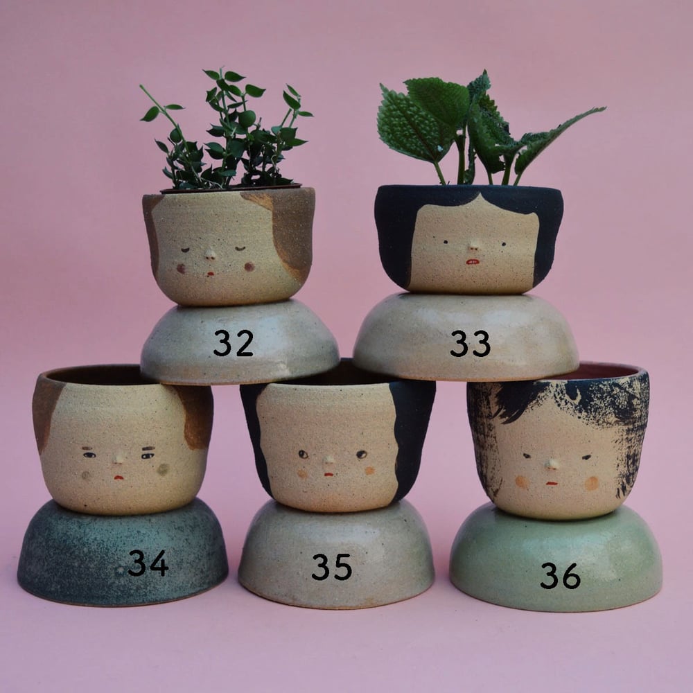 Wheel-thrown planters in the style of “niñas y chicos” (but with shoulders!) made from the "custard" clay body. The top portion holds a small plant, while the bottom portion creates space for drainage. You can place a secret dish underneath to catch water or simply place the planter on a plate. Hand painted and hand sculpted facial features. Each piece is one-of-a-kind. Glaze colors vary depending on character.
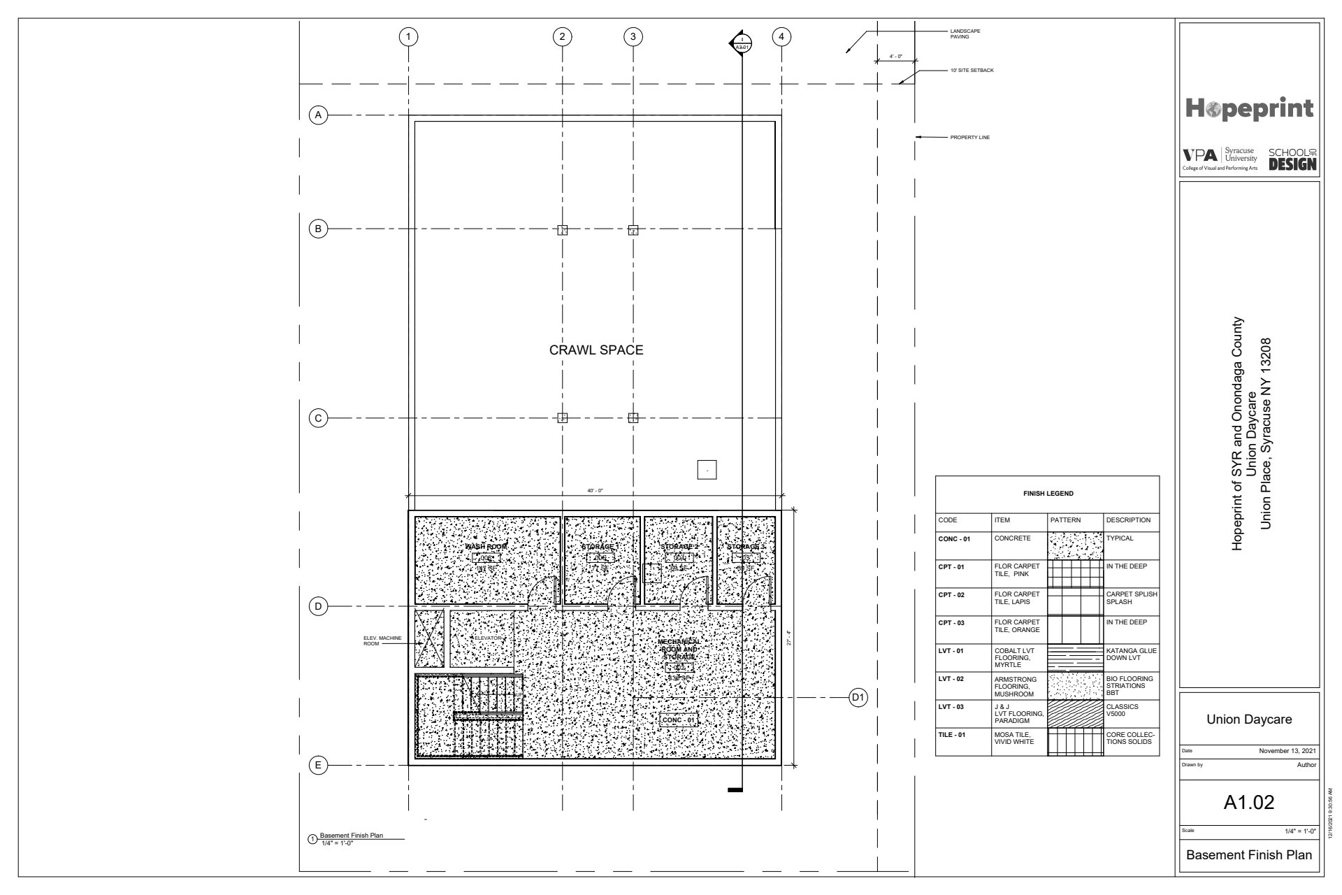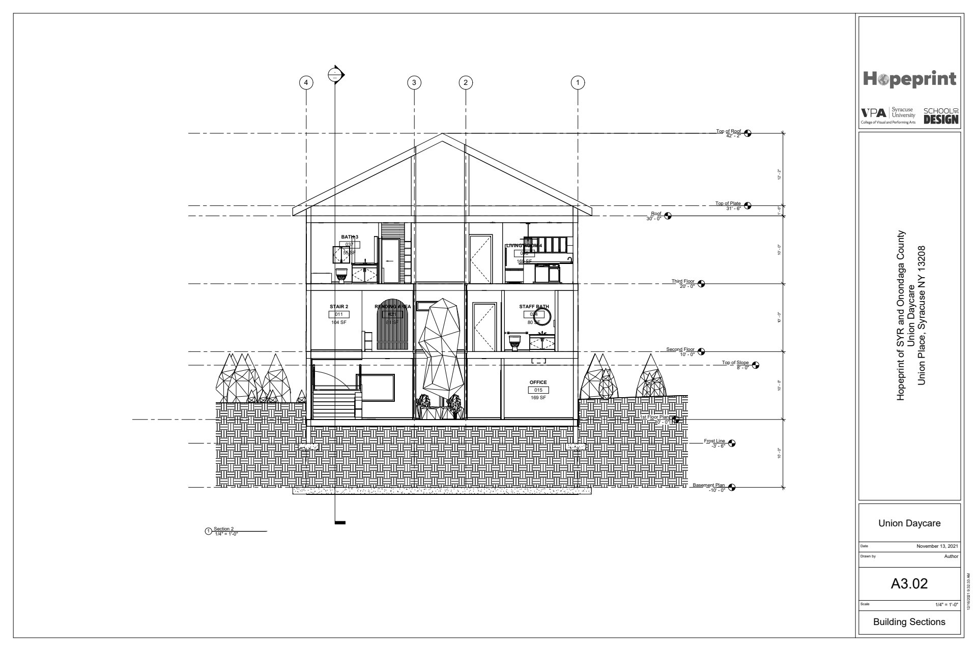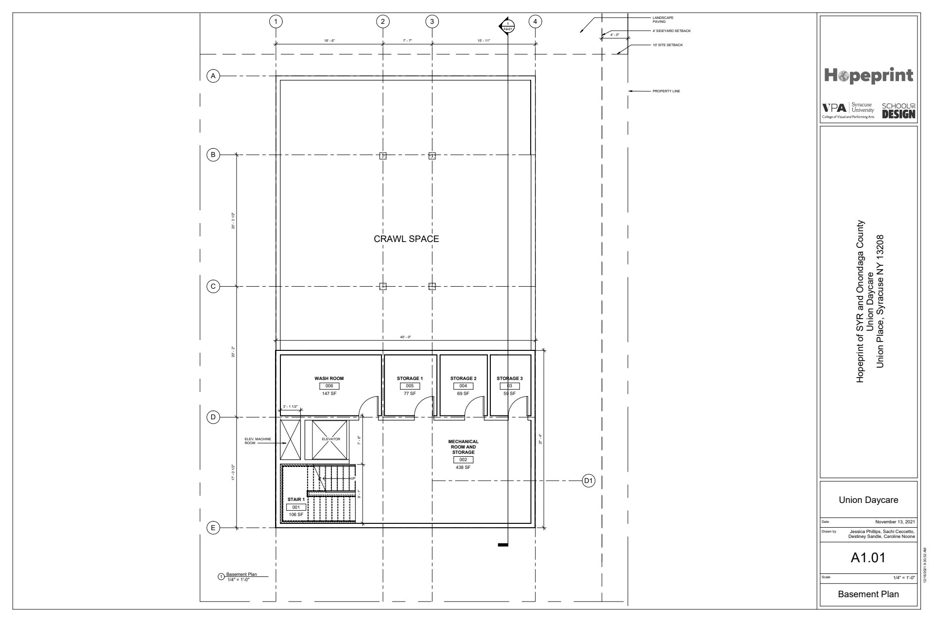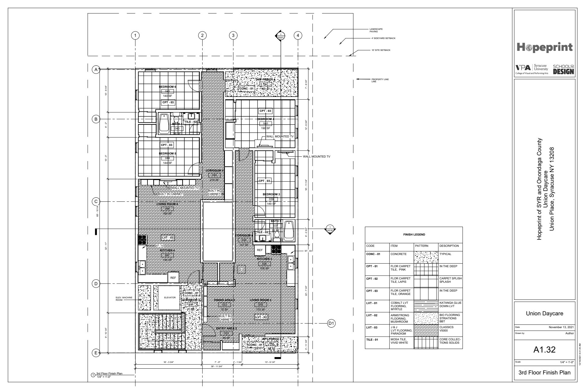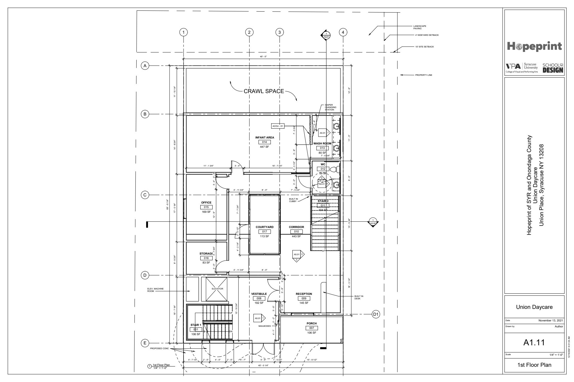 Alvord Day is part of a split occupancy building design serving two functions; the daycare is a commercial space and the apartments above are residential. The project’s client, Hopeprint, sought a space for residents of the Northside micro neighborhood to leave their children while living nearby.
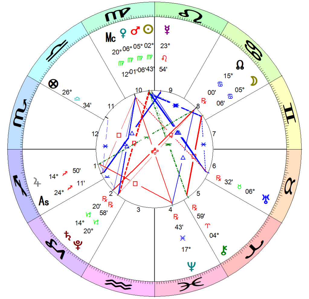 Virgo sendiri adalah zodiak yang berfokus kepada pelayanan publik (ketimbang diri sendiri), dan pelayanan tersebut juga termasuk mempertimbangkan hal – hal yang mendetail. Di virgo sendiri, selain ada MC (titik puncak reputasi), juga ada planet Venus, Mars, dan Matahari di chart tersebut. Selain itu, Venus terlihat 1 garis alias Conjunct.
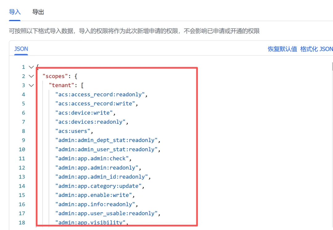 {"scopes": {"tenant": ["acs:access_record:readonly","acs:access_record:write","acs:device:write","acs:devices:readonly","acs:users","admin:admin_dept_stat:readonly","admin:admin_user_stat:readonly","admin:app.admin:check","admin:app.admin:readonly","admin:app.admin_id:readonly","admin:app.category:update","admin:app.enable:write","admin:app.info:readonly","admin:app.user_usable:readonly","admin:app.visibility","admin:badge","admin:badge.grant","admin:ent_email_password","aily:data_asset:read","aily:data_asset:upload_file","aily:data_asset:write","aily:file:read","aily:file:write","aily:knowledge:ask","aily:knowledge:read","aily:knowledge:write","aily:message:read","aily:message:write","aily:run:read","aily:run:write","aily:session:read","aily:session:write","aily:skill:read","aily:skill:write","app_engine:application.environment_variable:read","app_engine:application.event:read","app_engine:application.function:write","app_engine:application.log:read","app_engine:application.metric:read","app_engine:approval:read","app_engine:approval:write","app_engine:attachment:read","app_engine:attachment:write","app_engine:data.record.change:read","app_engine:dataset.meta:read","app_engine:dataset.record:read","app_engine:flow:write","app_engine:global_option:read","app_engine:object.meta:read","app_engine:object.record:read","app_engine:object.record:write","app_engine:record_permission.member:write","app_engine:role.member:write","app_engine:role:read","application:application","application:application.app_message_stats.overview:readonly","application:application.app_package","application:application.app_usage_stats.overview:readonly","application:application.app_version","application:application.app_version:readonly","application:application.bot.operator_name:readonly","application:application.collaborators:write","application:application.contacts_range:write","application:application.feedback.feedback_info","application:application:self_manage","application:bot.menu:readonly","application:bot.menu:write","approval:approval","approval:approval.list:readonly","approval:approval:readonly","approval:definition","approval:external_approval","approval:external_instance","approval:instance","approval:instance.comment","approval:task","attendance:overtime_approval:write","attendance:rule","attendance:rule:readonly","attendance:task","attendance:task:readonly","attendance_machine:check_in_record:write","attendance_machine:device:write","attendance_machine:users","baike:entity","baike:entity:exempt_delete","baike:entity:exempt_review","baike:entity:readonly","base:app:copy","base:app:create","base:app:read","base:app:update","base:collaborator:create","base:collaborator:delete","base:collaborator:read","base:dashboard:copy","base:dashboard:read","base:field:create","base:field:delete","base:field:read","base:field:update","base:form:read","base:form:update","base:record:create","base:record:delete","base:record:read","base:record:retrieve","base:record:update","base:role:create","base:role:delete","base:role:read","base:role:update","base:table:create","base:table:delete","base:table:read","base:table:update","base:view:read","base:view:write_only","bitable:app","bitable:app:readonly","block:entity","block:message","board:whiteboard:node:create","board:whiteboard:node:delete","board:whiteboard:node:read","board:whiteboard:node:update","calendar:calendar","calendar:calendar.acl:create","calendar:calendar.acl:delete","calendar:calendar.acl:read","calendar:calendar.event:create","calendar:calendar.event:delete","calendar:calendar.event:read","calendar:calendar.event:reply","calendar:calendar.event:update","calendar:calendar.free_busy:read","calendar:calendar:create","calendar:calendar:delete","calendar:calendar:read","calendar:calendar:readonly","calendar:calendar:subscribe","calendar:calendar:update","calendar:exchange.bindings:create","calendar:exchange.bindings:delete","calendar:exchange.bindings:read","calendar:room","calendar:room:readonly","calendar:settings.caldav:create","calendar:settings.workhour:read","calendar:time_off:create","calendar:time_off:delete","calendar:timeoff","cardkit:card:read","cardkit:card:write","cardkit:template:read","collab_plugins:collab_plugins","collab_plugins:collab_plugins.relation.change:read","contact:contact","contact:contact.base:readonly","contact:contact:update_department_id","contact:contact:update_user_id","contact:department.base:readonly","contact:department.hrbp:readonly","contact:department.organize:readonly","contact:functional_role","contact:functional_role:readonly","contact:group","contact:group:readonly","contact:job_family","contact:job_family:readonly","contact:job_level","contact:job_level:readonly","contact:job_title:readonly","contact:role:readonly","contact:unit","contact:unit:readonly","contact:user.assign_info:read","contact:user.base:readonly","contact:user.department:readonly","contact:user.dotted_line_leader_info.read","contact:user.email:readonly","contact:user.employee:readonly","contact:user.employee_id:readonly","contact:user.employee_number:read","contact:user.gender:readonly","contact:user.id:readonly","contact:user.job_family:readonly","contact:user.job_level:readonly","contact:user.phone:readonly","contact:user.subscription_ids:write","contact:user.user_geo","contact:work_city:readonly","corehr:additional_job.compensation_type:read","corehr:additional_job.compensation_type:write","corehr:additional_job.job:read","corehr:additional_job.job:write","corehr:additional_job.job_level:read","corehr:additional_job.job_level:write","corehr:additional_job.position:read","corehr:additional_job.position:write","corehr:additional_job.service_company:read","corehr:additional_job.service_company:write","corehr:additional_job.work_shift:read","corehr:additional_job.work_shift:write","corehr:additional_job:read","corehr:additional_job:write","corehr:approval_groups.orgdraft_department_change:read","corehr:approval_groups.orgdraft_job_change:read","coreh
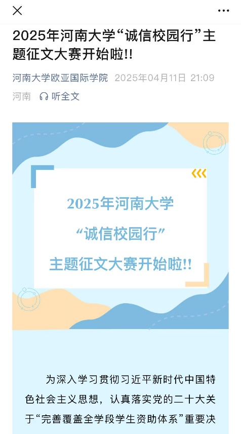 4月11日,学院借助官方微信公众号等平台,发布征文活动的详细通知。通知涵盖活动主题、参赛要求、时间安排等关键信息。
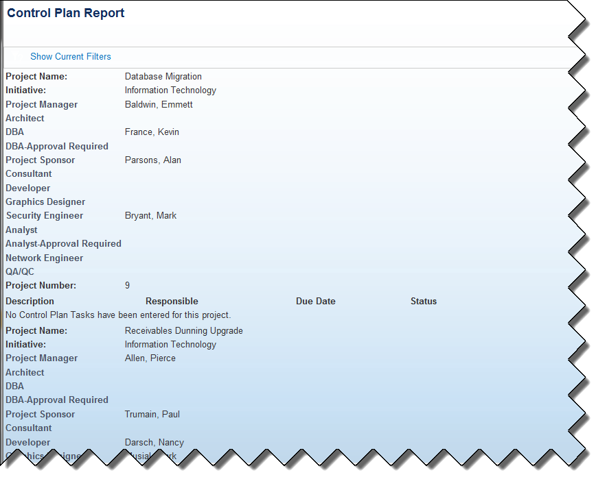 You can filter on pull-down status, initiative, project basics, organization hierarchy, and project custom fields, classification fields.
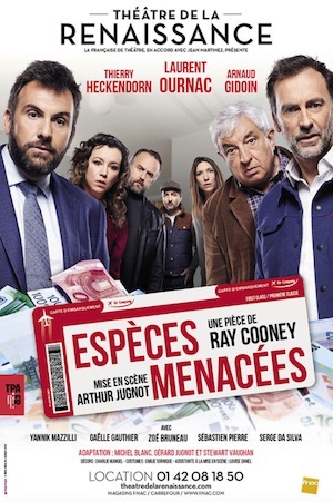 Nouvelle comédie à la Renaissance, "Espèces Menacées", de Ray Cooney, mise en scène d'arthur Jugnot. Yvon est comptable et mène une vie paisible. Par mégarde, il échange sa mallette contre celle d'un inconnu dans le RER... Là où se trouvaient ses gants et son sandwich, il y a désormais des millions. Pour fuir des représailles certaines, il décide de prendre le premier vol pour Buenos Aires. Mais c'était sans compter le refus obstiné de sa femme, les intrusions successives d'un couple d'amis importuns, d'un policier douteux, d'un commissaire tatillon, d'un chauffeur de taxi irascible, et l'arrivée d'un tueur bien décidé à récupérer son dû.
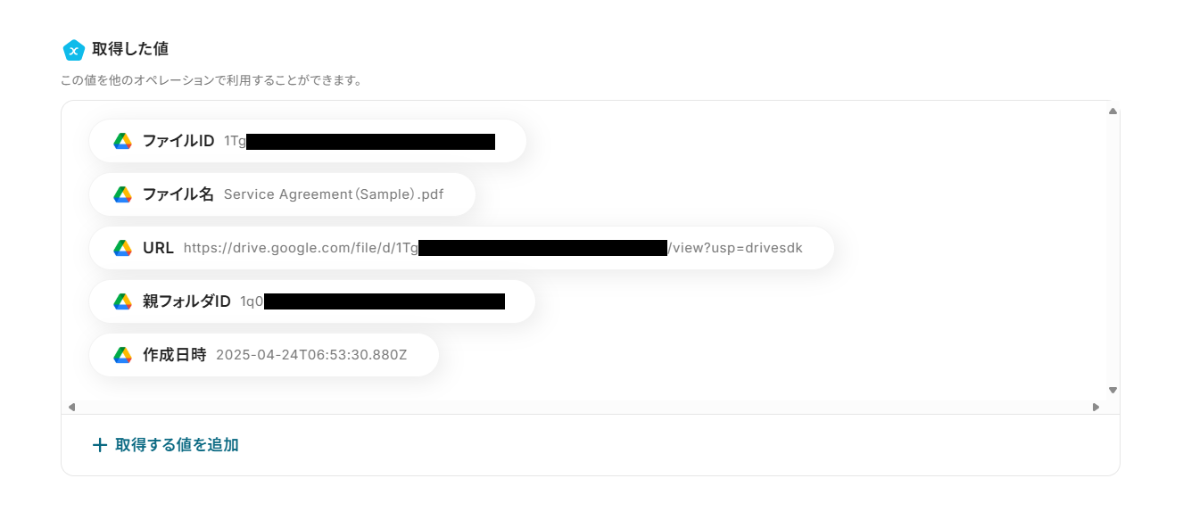 テストに成功すると、「取得した値」の各項目に最終更新日時が最も新しいファイル1件の情報が追加されます。
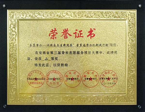 “樂享凈水,讓快樂與生命同在”助殘行動由合肥榮事達水工業設備有限責任公司與安徽省青年志愿者協會共同發起,通過向康復中心、特殊學校、福利院等助殘機構捐贈凈水設備以及提供志愿者服務來改善當地殘障人群的飲水條件。自活動開展以來,公司已年均援助助殘機構約200個,捐贈凈水設備約600臺,開展各類幫扶活動約150次,受惠殘疾人口10000人,贏得了各地區良好的口碑與認可,同時獲得安徽省第三屆青年志愿服務項目大賽二等獎殊榮。
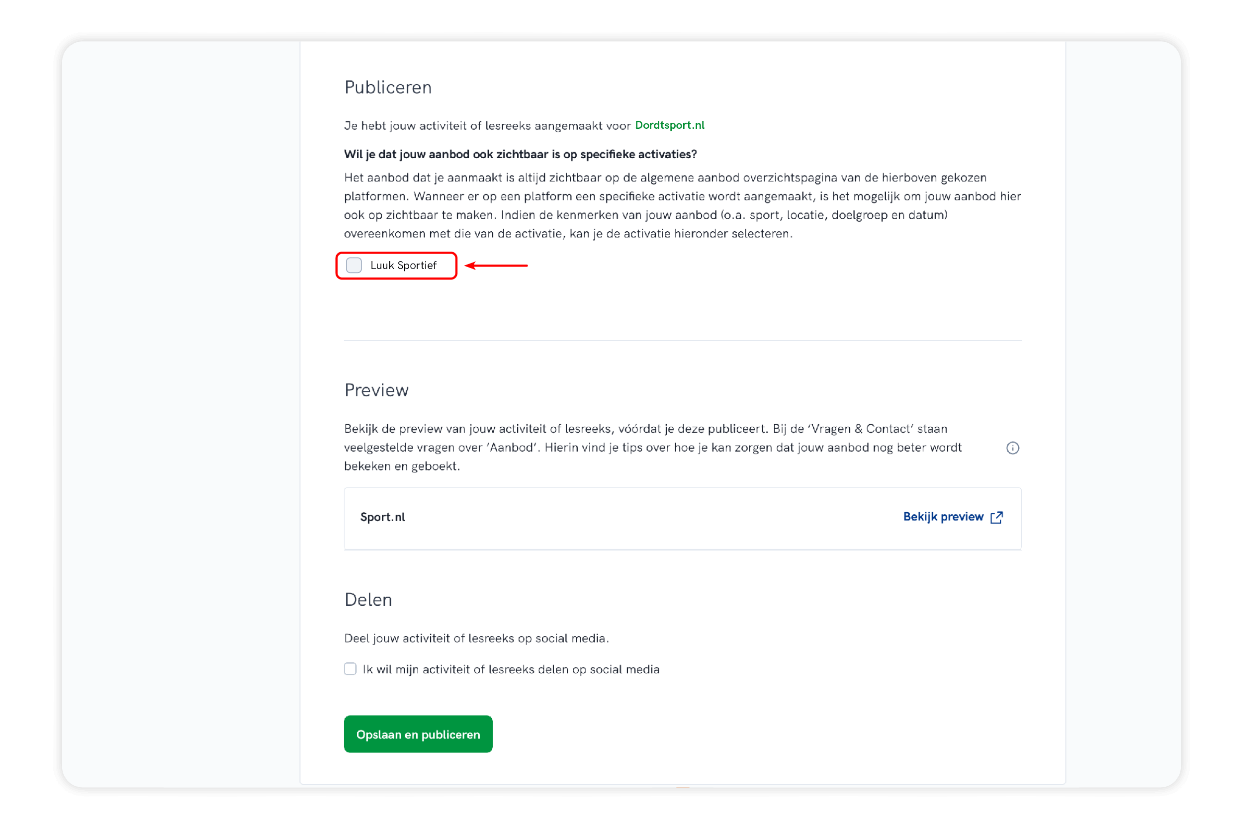 Klik nadat je 'Luuk Sportief' hebt aangevinkt op 'Opslaan en publiceren'. Je aanbod is nu online zichtbaar bij Luuk Sportief.
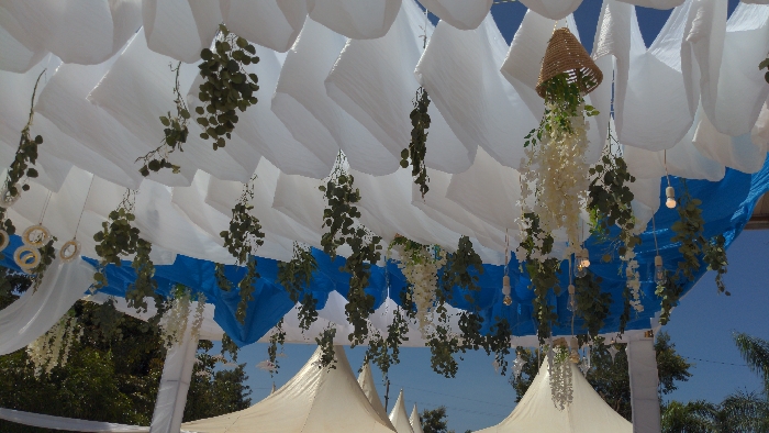 The scene depicts an outdoor event decoration structure in Soweto, Tanzania. Overhead, a canopy is formed by numerous undulating white fabric drapes, interspersed with sections of blue fabric visible behind them. Suspended from this canopy are various decorative elements: multiple strands of artificial green leafy foliage, white artificial floral garlands, and numerous bare filament light bulbs, several of which are illuminated. On the left side, multiple decorative light-colored rings are strung together and hang down. Towards the upper right, a woven light brown basket-like ornament is suspended, from which green and white artificial flora protrudes. A clear blue sky is visible through gaps in the canopy structure. In the background, the pointed peaks of several white event tents are discernible, along with scattered green trees and vegetation. No individuals are present in the frame. The scene is brightly illuminated by natural daylight.
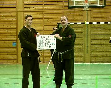 Während des Lehrgangs bekam Matthias Drumm, Leiter einer Sportschule in Landau, die von Dr. Masaaki Hatsumi Sensei ausgestellte Urkunde zum 1. Dan Budo-Taijutsu von Wolfgang Gröger überreicht. Wolfgang Gröger selbst, sowie der davon überraschte Jürgen Kampa, bekamen von den Schülern aus Jürgen Kampas Schule als kleines Dankeschön und Weihnachtsgeschenk jeweils einen mit ihren Namen bestickten Gürtel geschenkt, die darüber hinaus mit den japanischen Zeichen für IAWO bestickt waren.
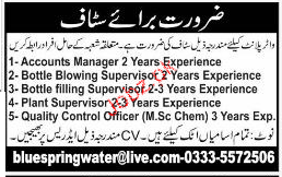 Accounts Manager, Bottle Blowing Supervisors Wanted

■ ■ ■ ■ ■

**What this task involves:** Of the lines above, copy only those from the one holding "Klik nadat je" to the one holding "The scene depicts", both included, and exclude every image.

**Task response:**
 Klik nadat je 'Luuk Sportief' hebt aangevinkt op 'Opslaan en publiceren'. Je aanbod is nu online zichtbaar bij Luuk Sportief.
 The scene depicts an outdoor event decoration structure in Soweto, Tanzania. Overhead, a canopy is formed by numerous undulating white fabric drapes, interspersed with sections of blue fabric visible behind them. Suspended from this canopy are various decorative elements: multiple strands of artificial green leafy foliage, white artificial floral garlands, and numerous bare filament light bulbs, several of which are illuminated. On the left side, multiple decorative light-colored rings are strung together and hang down. Towards the upper right, a woven light brown basket-like ornament is suspended, from which green and white artificial flora protrudes. A clear blue sky is visible through gaps in the canopy structure. In the background, the pointed peaks of several white event tents are discernible, along with scattered green trees and vegetation. No individuals are present in the frame. The scene is brightly illuminated by natural daylight.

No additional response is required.